_Task instructions_
Extract the records below word for word and ignore the images.

_Records to process_

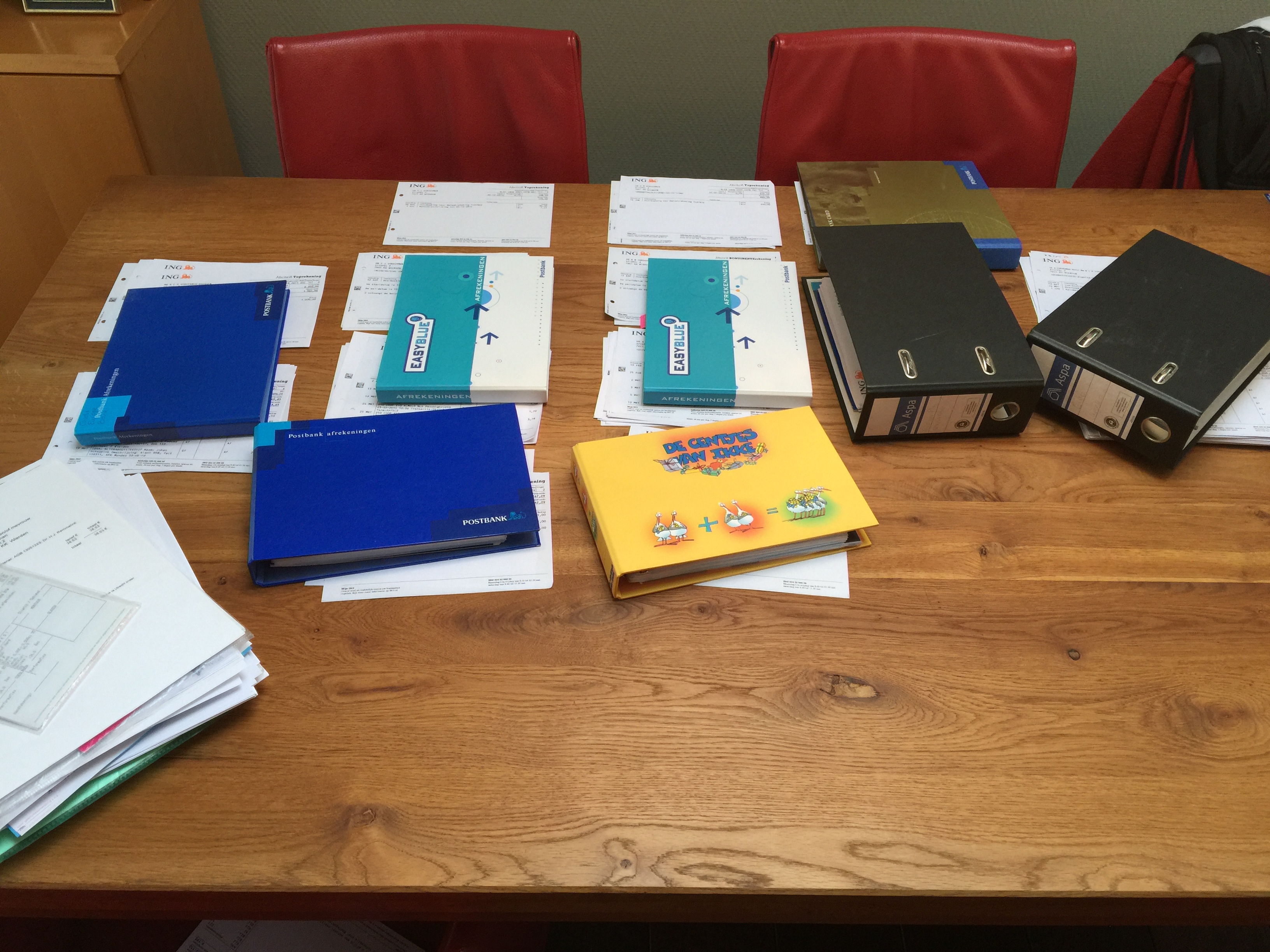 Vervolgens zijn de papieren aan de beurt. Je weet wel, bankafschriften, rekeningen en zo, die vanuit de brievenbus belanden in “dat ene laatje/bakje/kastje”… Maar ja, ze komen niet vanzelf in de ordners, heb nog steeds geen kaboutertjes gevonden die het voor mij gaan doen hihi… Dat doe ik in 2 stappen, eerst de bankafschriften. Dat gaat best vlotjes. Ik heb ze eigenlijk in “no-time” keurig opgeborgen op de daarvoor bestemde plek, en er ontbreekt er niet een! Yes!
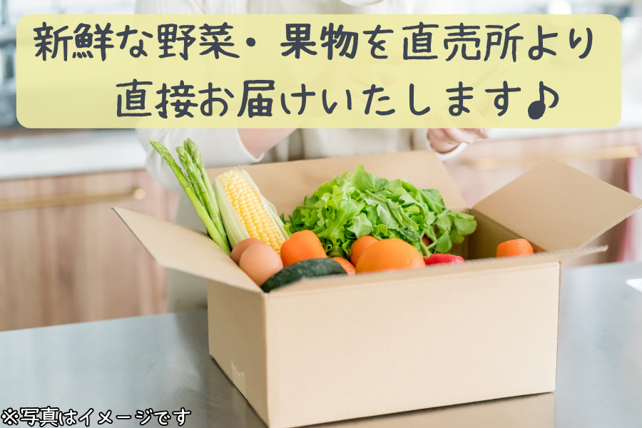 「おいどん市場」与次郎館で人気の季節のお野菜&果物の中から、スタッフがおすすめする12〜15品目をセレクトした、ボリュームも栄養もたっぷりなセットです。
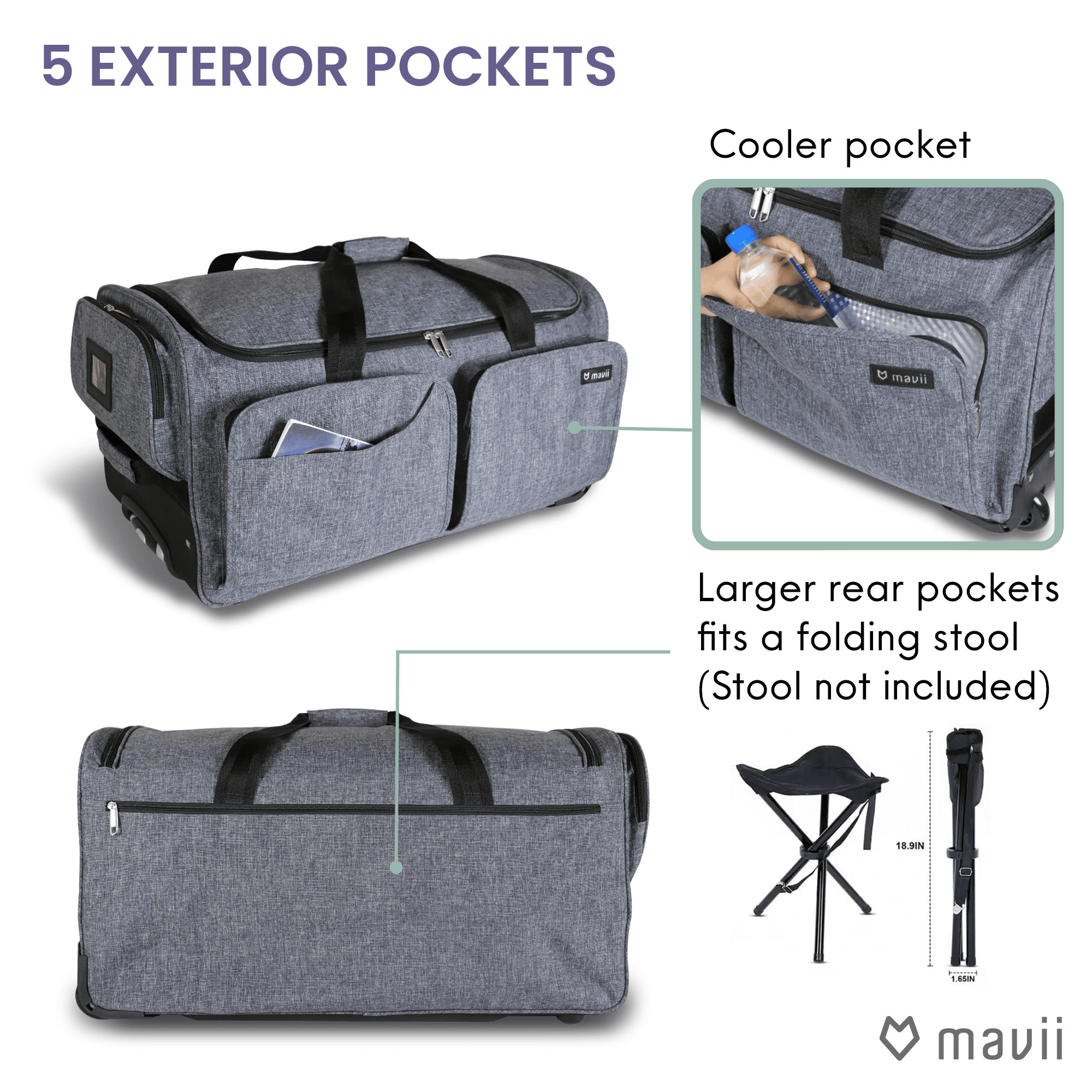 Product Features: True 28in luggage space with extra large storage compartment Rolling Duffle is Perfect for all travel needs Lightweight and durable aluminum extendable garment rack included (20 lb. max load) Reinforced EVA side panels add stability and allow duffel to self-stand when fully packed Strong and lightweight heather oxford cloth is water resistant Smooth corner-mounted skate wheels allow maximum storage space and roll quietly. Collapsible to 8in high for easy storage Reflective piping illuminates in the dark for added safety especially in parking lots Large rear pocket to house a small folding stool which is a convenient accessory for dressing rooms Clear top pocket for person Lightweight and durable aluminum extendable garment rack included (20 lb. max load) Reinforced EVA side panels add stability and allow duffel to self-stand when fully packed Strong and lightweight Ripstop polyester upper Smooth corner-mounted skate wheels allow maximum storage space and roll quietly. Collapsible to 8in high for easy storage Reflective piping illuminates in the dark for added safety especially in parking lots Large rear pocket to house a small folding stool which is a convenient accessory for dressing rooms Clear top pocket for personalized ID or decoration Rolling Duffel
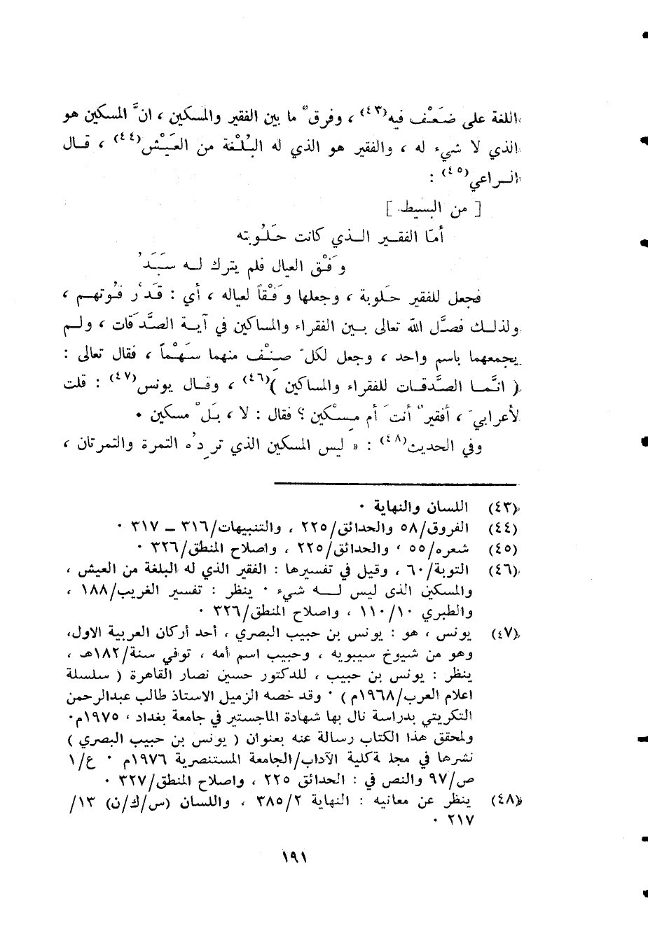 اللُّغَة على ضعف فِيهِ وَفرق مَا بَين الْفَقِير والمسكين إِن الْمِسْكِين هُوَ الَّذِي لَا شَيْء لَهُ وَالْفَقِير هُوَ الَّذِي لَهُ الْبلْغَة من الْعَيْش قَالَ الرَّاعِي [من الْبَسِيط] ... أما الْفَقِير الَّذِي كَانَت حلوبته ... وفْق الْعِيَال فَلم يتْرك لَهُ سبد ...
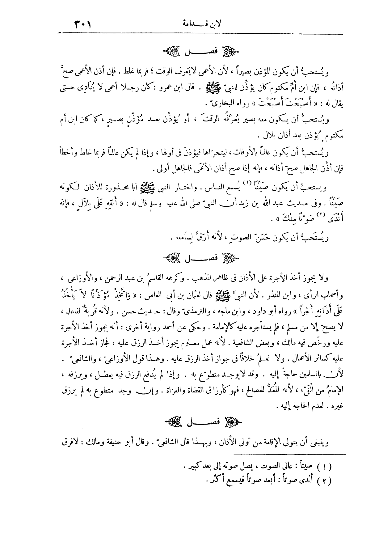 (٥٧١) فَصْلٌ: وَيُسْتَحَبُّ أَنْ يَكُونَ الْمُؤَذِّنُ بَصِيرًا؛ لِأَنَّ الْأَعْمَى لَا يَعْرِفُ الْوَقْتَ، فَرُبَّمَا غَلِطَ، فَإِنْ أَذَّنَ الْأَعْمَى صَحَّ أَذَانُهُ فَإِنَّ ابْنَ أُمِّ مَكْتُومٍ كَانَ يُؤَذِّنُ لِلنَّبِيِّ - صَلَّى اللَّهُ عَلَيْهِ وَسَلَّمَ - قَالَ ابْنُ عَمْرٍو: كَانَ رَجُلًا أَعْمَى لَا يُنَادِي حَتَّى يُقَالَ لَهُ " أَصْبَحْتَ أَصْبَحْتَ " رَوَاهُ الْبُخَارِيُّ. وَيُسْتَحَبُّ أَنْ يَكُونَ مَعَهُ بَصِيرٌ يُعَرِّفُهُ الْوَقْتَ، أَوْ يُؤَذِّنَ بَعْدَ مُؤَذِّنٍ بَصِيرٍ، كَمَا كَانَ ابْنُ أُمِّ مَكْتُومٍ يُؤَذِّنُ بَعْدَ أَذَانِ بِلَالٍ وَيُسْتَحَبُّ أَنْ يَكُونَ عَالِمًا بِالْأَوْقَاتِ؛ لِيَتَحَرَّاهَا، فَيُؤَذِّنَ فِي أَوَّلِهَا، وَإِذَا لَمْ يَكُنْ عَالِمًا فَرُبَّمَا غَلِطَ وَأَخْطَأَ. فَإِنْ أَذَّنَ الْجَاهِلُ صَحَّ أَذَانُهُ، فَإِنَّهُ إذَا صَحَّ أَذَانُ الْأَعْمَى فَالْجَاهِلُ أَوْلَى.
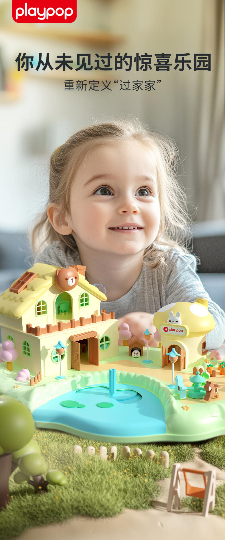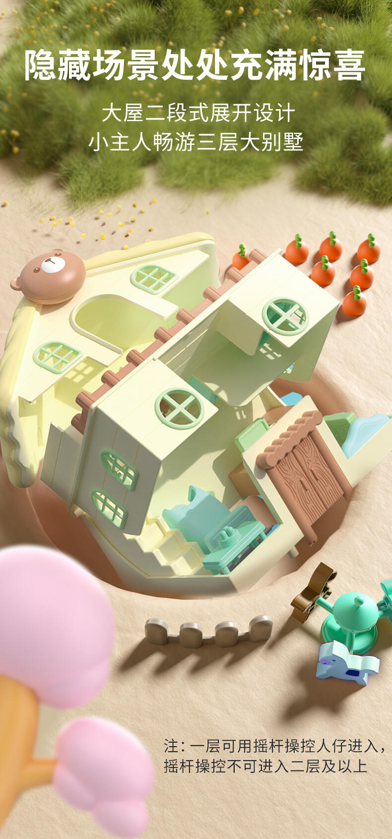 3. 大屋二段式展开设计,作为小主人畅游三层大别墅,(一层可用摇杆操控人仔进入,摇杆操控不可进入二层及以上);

_Written answer_
 Vervolgens zijn de papieren aan de beurt. Je weet wel, bankafschriften, rekeningen en zo, die vanuit de brievenbus belanden in “dat ene laatje/bakje/kastje”… Maar ja, ze komen niet vanzelf in de ordners, heb nog steeds geen kaboutertjes gevonden die het voor mij gaan doen hihi… Dat doe ik in 2 stappen, eerst de bankafschriften. Dat gaat best vlotjes. Ik heb ze eigenlijk in “no-time” keurig opgeborgen op de daarvoor bestemde plek, en er ontbreekt er niet een! Yes!
 「おいどん市場」与次郎館で人気の季節のお野菜&果物の中から、スタッフがおすすめする12〜15品目をセレクトした、ボリュームも栄養もたっぷりなセットです。
 Product Features: True 28in luggage space with extra large storage compartment Rolling Duffle is Perfect for all travel needs Lightweight and durable aluminum extendable garment rack included (20 lb. max load) Reinforced EVA side panels add stability and allow duffel to self-stand when fully packed Strong and lightweight heather oxford cloth is water resistant Smooth corner-mounted skate wheels allow maximum storage space and roll quietly. Collapsible to 8in high for easy storage Reflective piping illuminates in the dark for added safety especially in parking lots Large rear pocket to house a small folding stool which is a convenient accessory for dressing rooms Clear top pocket for person Lightweight and durable aluminum extendable garment rack included (20 lb. max load) Reinforced EVA side panels add stability and allow duffel to self-stand when fully packed Strong and lightweight Ripstop polyester upper Smooth corner-mounted skate wheels allow maximum storage space and roll quietly. Collapsible to 8in high for easy storage Reflective piping illuminates in the dark for added safety especially in parking lots Large rear pocket to house a small folding stool which is a convenient accessory for dressing rooms Clear top pocket for personalized ID or decoration Rolling Duffel
 اللُّغَة على ضعف فِيهِ وَفرق مَا بَين الْفَقِير والمسكين إِن الْمِسْكِين هُوَ الَّذِي لَا شَيْء لَهُ وَالْفَقِير هُوَ الَّذِي لَهُ الْبلْغَة من الْعَيْش قَالَ الرَّاعِي [من الْبَسِيط] ... أما الْفَقِير الَّذِي كَانَت حلوبته ... وفْق الْعِيَال فَلم يتْرك لَهُ سبد ...
 (٥٧١) فَصْلٌ: وَيُسْتَحَبُّ أَنْ يَكُونَ الْمُؤَذِّنُ بَصِيرًا؛ لِأَنَّ الْأَعْمَى لَا يَعْرِفُ الْوَقْتَ، فَرُبَّمَا غَلِطَ، فَإِنْ أَذَّنَ الْأَعْمَى صَحَّ أَذَانُهُ فَإِنَّ ابْنَ أُمِّ مَكْتُومٍ كَانَ يُؤَذِّنُ لِلنَّبِيِّ - صَلَّى اللَّهُ عَلَيْهِ وَسَلَّمَ - قَالَ ابْنُ عَمْرٍو: كَانَ رَجُلًا أَعْمَى لَا يُنَادِي حَتَّى يُقَالَ لَهُ " أَصْبَحْتَ أَصْبَحْتَ " رَوَاهُ الْبُخَارِيُّ. وَيُسْتَحَبُّ أَنْ يَكُونَ مَعَهُ بَصِيرٌ يُعَرِّفُهُ الْوَقْتَ، أَوْ يُؤَذِّنَ بَعْدَ مُؤَذِّنٍ بَصِيرٍ، كَمَا كَانَ ابْنُ أُمِّ مَكْتُومٍ يُؤَذِّنُ بَعْدَ أَذَانِ بِلَالٍ وَيُسْتَحَبُّ أَنْ يَكُونَ عَالِمًا بِالْأَوْقَاتِ؛ لِيَتَحَرَّاهَا، فَيُؤَذِّنَ فِي أَوَّلِهَا، وَإِذَا لَمْ يَكُنْ عَالِمًا فَرُبَّمَا غَلِطَ وَأَخْطَأَ. فَإِنْ أَذَّنَ الْجَاهِلُ صَحَّ أَذَانُهُ، فَإِنَّهُ إذَا صَحَّ أَذَانُ الْأَعْمَى فَالْجَاهِلُ أَوْلَى.
 3. 大屋二段式展开设计,作为小主人畅游三层大别墅,(一层可用摇杆操控人仔进入,摇杆操控不可进入二层及以上);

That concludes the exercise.